Unfortunately, although this worked well when re-reading the original wav file, everything turned to complete mush when going via real tape. Possible reasons: the limited dynamic range meant each individual signal appeared lower in power; flutter frequencies outside the range I’d allowed for meant interference from one signal to the next, or between pilot and signal; tape hiss at higher frequencies. I tried many variants, but didn’t get anywhere.

Error-correcting codes

I did quite a lot of reading into various error-correction techniques. Reed-Solomon codes are a cool idea, as are Low-Density Parity-Check codes. But nothing would magically recover a reliable data-stream from what I had.

Result: no workable system

The highest raw bitrate I was ever likely to get at low error rates was maybe 32kbps. I just about persuaded myself that very low-resolution video at 28kbps was watchable, and that sound at 8kbps was listenable. In total, 36kbps, and I would also need to leave a good allowance for error correction overhead. There was a big gap between what was possible and what was required. Boo.

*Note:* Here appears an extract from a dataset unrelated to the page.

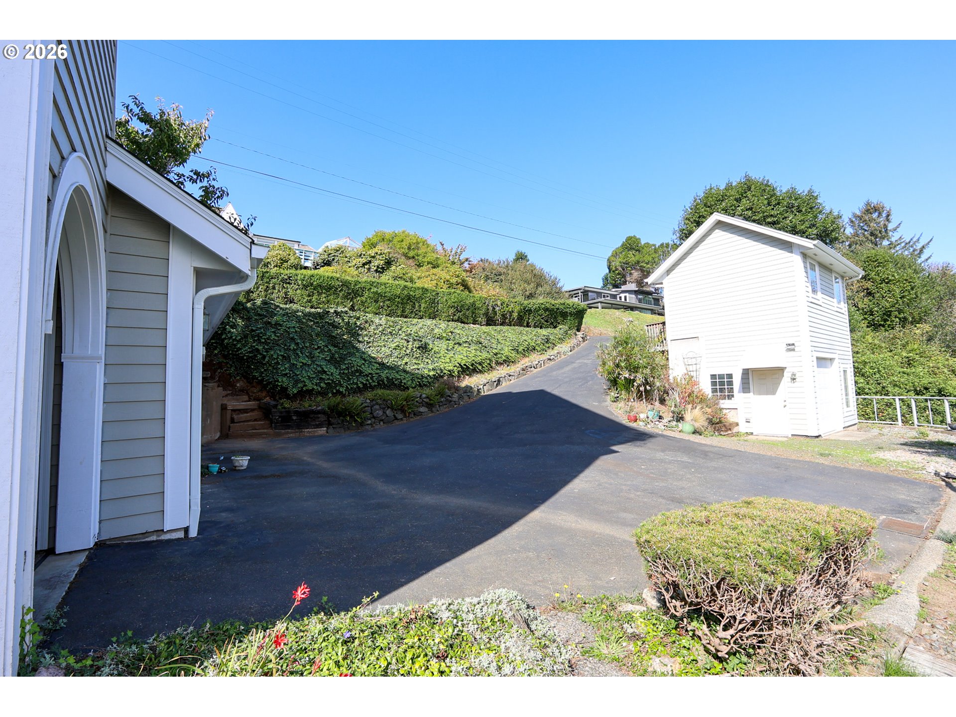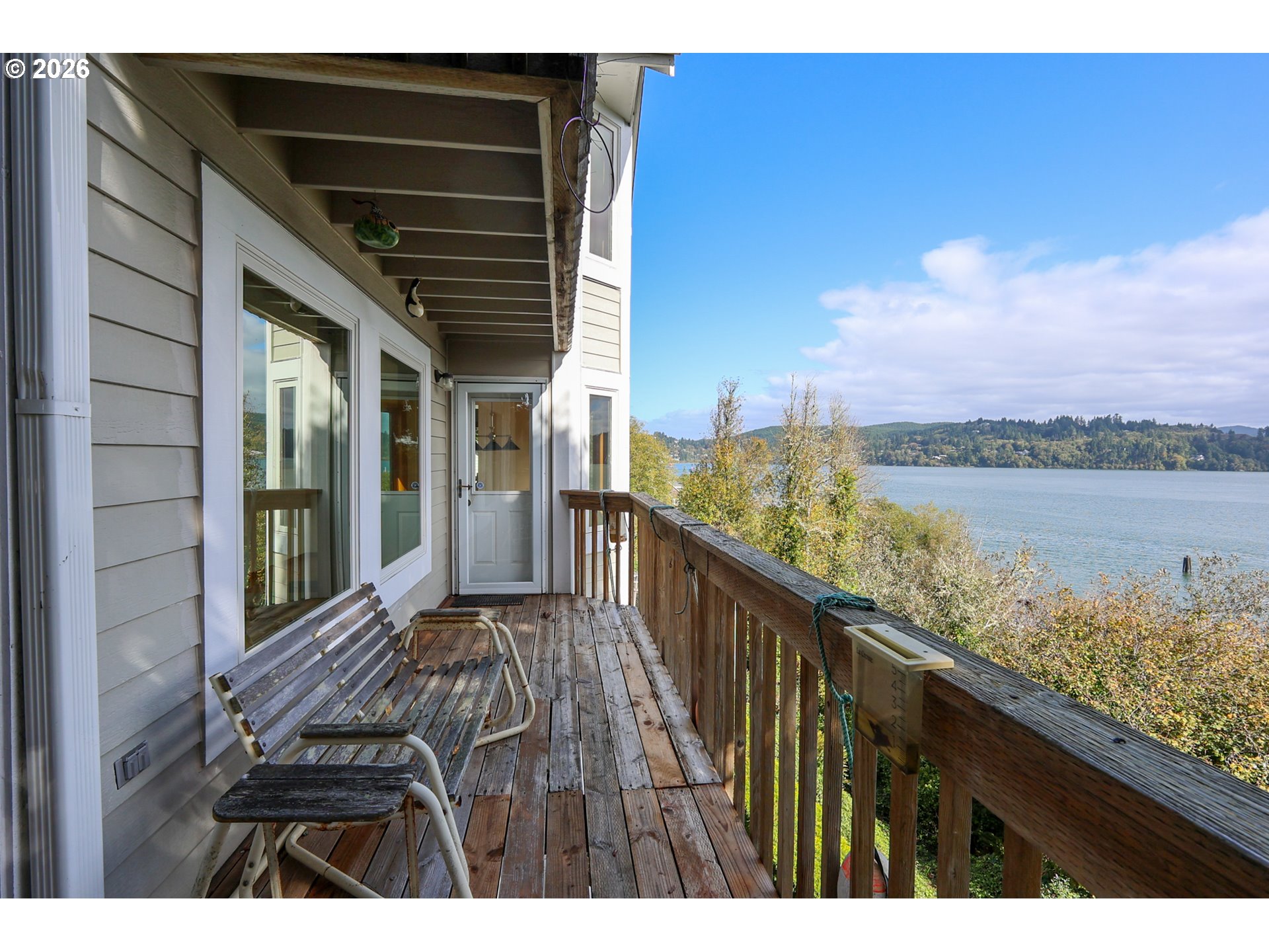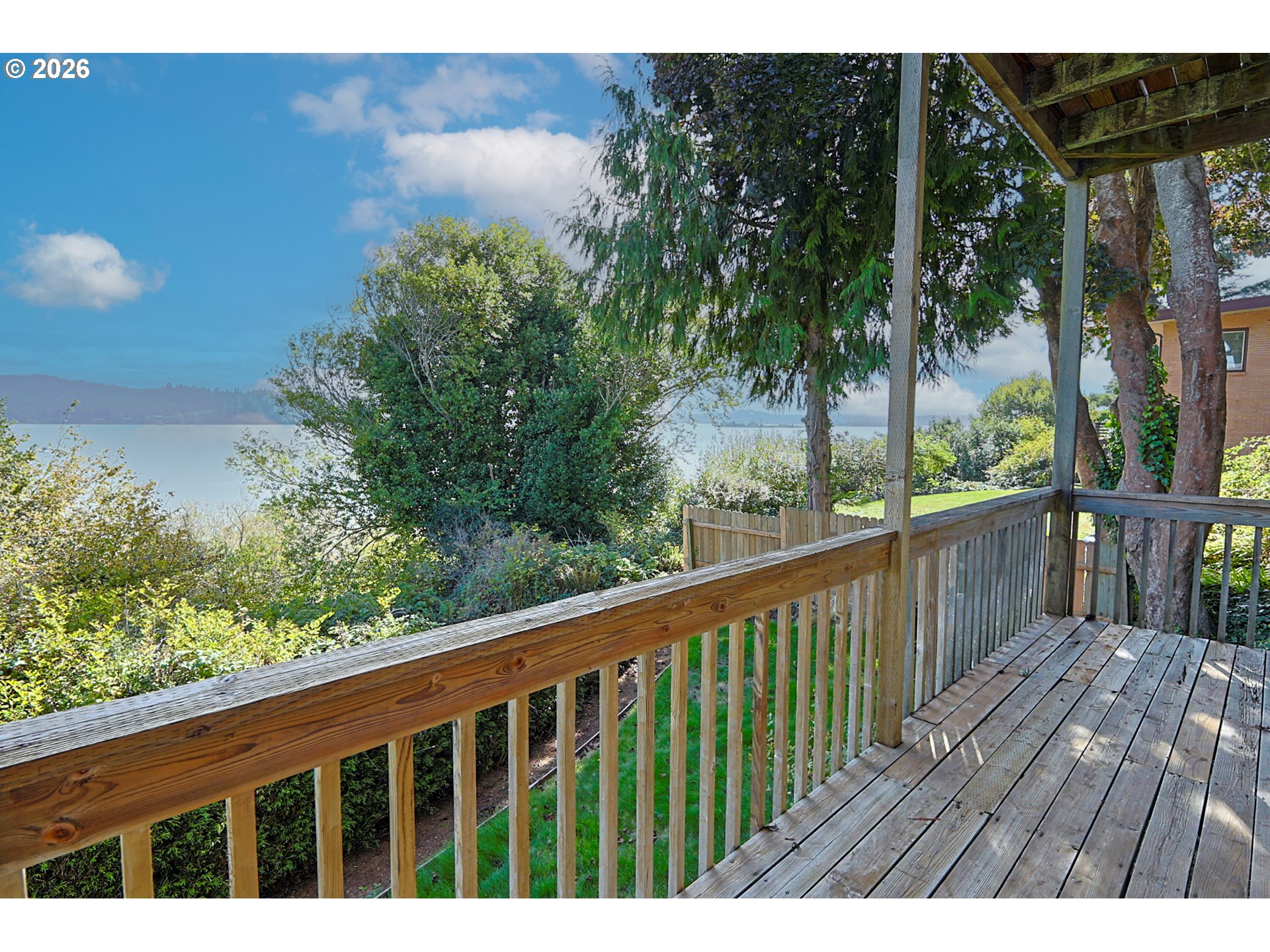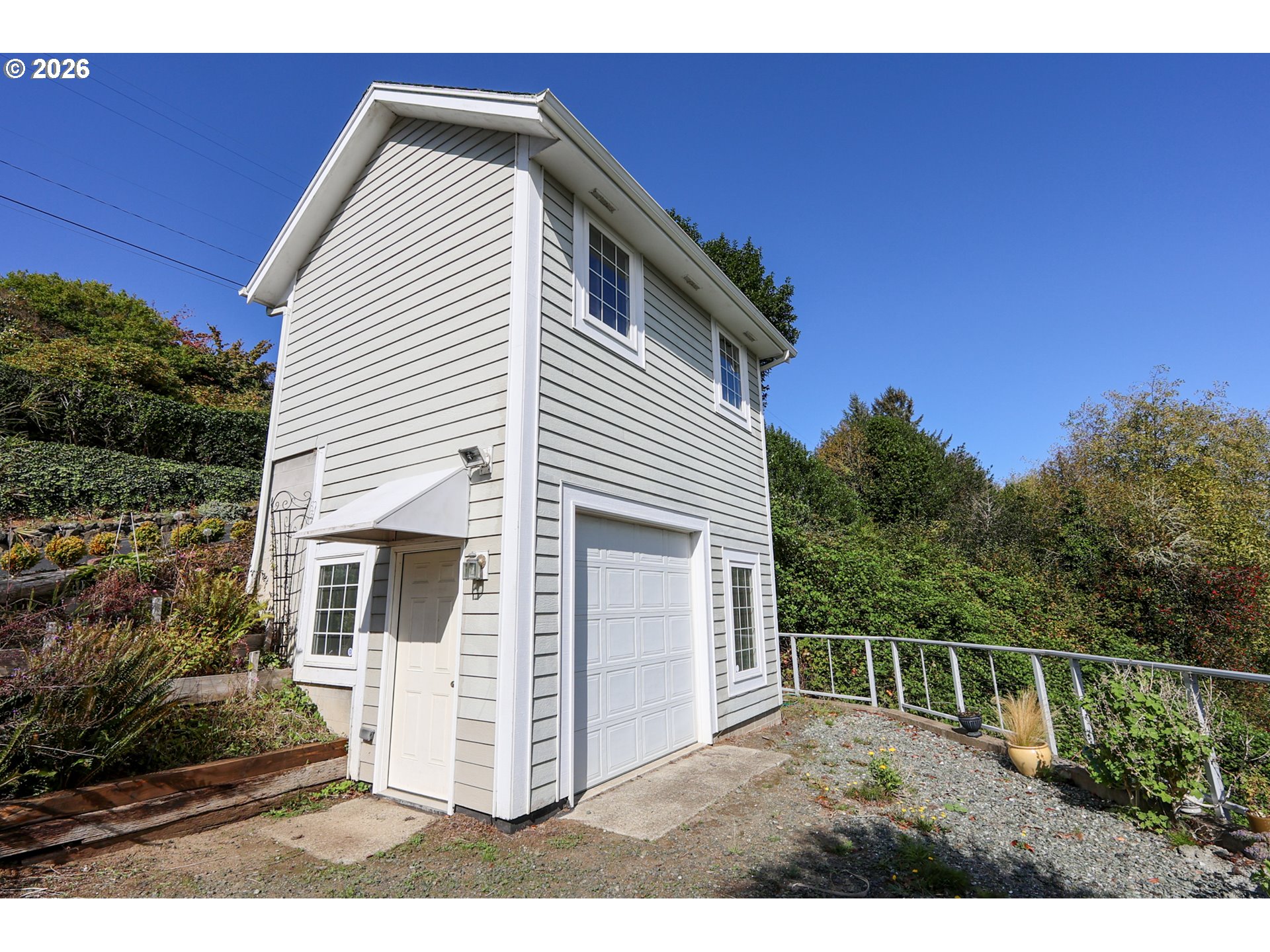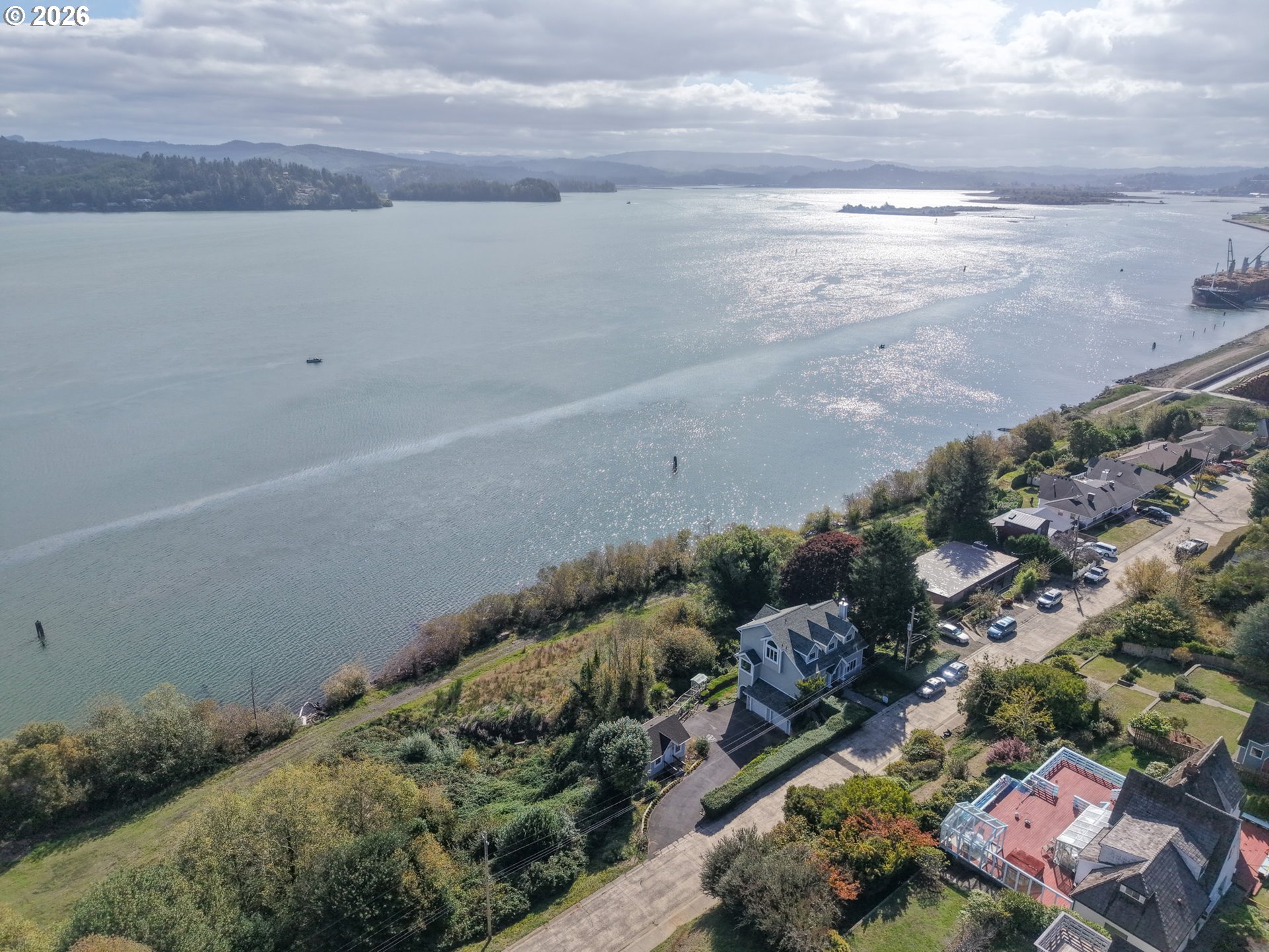 Nestled in the desirable Simpson Heights neighborhood of North Bend, this impressive 3,088-square-foot home offers four bedrooms and two and a half bathrooms, thoughtfully designed to blend comfort, elegance, and coastal charm. Upon entry, soaring vaulted ceilings, expansive Andersen windows, and artistic stained-glass accents create a bright, inviting atmosphere while capturing stunning views of Coos Bay from nearly every room. Multiple decks extend the living space outdoors, providing ideal spots to relax and enjoy the surrounding scenery. The main level features an open kitchen, a convenient laundry nook, a comfortable living area, and a cozy bedroom. Upstairs, a welcoming loft leads to the private primary suite, complete with its own balcony, a spa-inspired en-suite bathroom, a walk-in closet, and a versatile bonus room. The lower level offers excellent flexibility, including a second living area, three additional bedrooms, a full bathroom, a private balcony, and direct access to the attached garage—perfect for guests or extended family. Additional highlights include a Heatilator wood fireplace, a heat pump, and a whole-house vacuum system for effortless upkeep. A detached two-story building adds even more value, with a workshop on the ground floor and an open-concept space above ideal for potential in-law quarters or creative use. The whole interior has been newly painted. Located just a few blocks from Ferry Road Park and Winsor Park, this property delivers an exceptional blend of space, quality, and tranquility in a sought-after coastal setting. Home has great southern exposure that provides sunny days all year long.

It’s possible that by working and reading harder I could find techniques which would get me more bits per second, but the shortfall compared to the required bitrate made this seem unlikely.

Any way to salvage the idea?

There are a couple of ways I might be able to get something to work:

Use a device with good playback stability, e.g., a small screenless portable digital audio player which can handle lossless files.
Abandon the idea of storing arbitrary video, and instead find some special-purpose encoding for some kind of animations. (This idea from Oliver Nash.)

But these would be significantly less cool than the original idea, so I admitted defeat. It was fun trying.

Walkmans are expensive

I spent a good while poking around on eBay looking for better Walkmans than the cheap ones I’d got for this project. It turns out that you can spend hundreds of euro on a good-quality vintage Walkman. (I didn’t.) Even blank cassettes are collectors’ items, it seems.

Related work: VinylVideo

[Update, 2018-09-19:] Thanks to Malcolm Tyrrell for bringing VinylVideo to my attention. This is a system for storing video on a vinyl record. The stereo audio is fed to a decoder box which produces a video signal, with mono audio. They claim that VinylVideo® is an analog format that doesn’t use digital compression at all. As on traditional analog television, VinylVideo breaks up every picture into a picture lines. … a completely new and special analog video signal format had to be developed. The translator runs on a Raspberry Pi. I didn’t find any further information on the video encoding. The excellent Techmoan covers it here.

Related work: Pablo Vidal’s MiniDisc video player

[Update, 2022-07-12:] I recently received an email from Pablo Vidal (@this_may_be_it), who reported success with encoding video into audio, which he then recorded to and played back from MiniDisc. Pablo is at pains to give credit to the audio modem work of Roman Zeyde as the basis for the project. Pablo’s process involves: using ffmpeg to produce a low-bitrate x264 video file (64kbps video and 22kbps audio); splitting that file byte by byte into two streams (gist-1, gist-2); using a version of Zeyde’s modem software to encode those streams (gist-3); recording the resulting left and right audio channels as one stereo track onto MiniDisc (gist-4); playing the stereo audio back into two decoders and re-interleaving the two byte-streams (gist-5); and feeding the result to mplayer.

He provided a video of successful playback (which starts at about 0:50):

I think this is very nice work!

Related work: Analog video on audio cassette

Pablo also drew my attention to the work of Kris Slyka, who put a low-frame-rate analog video signal onto audio cassette.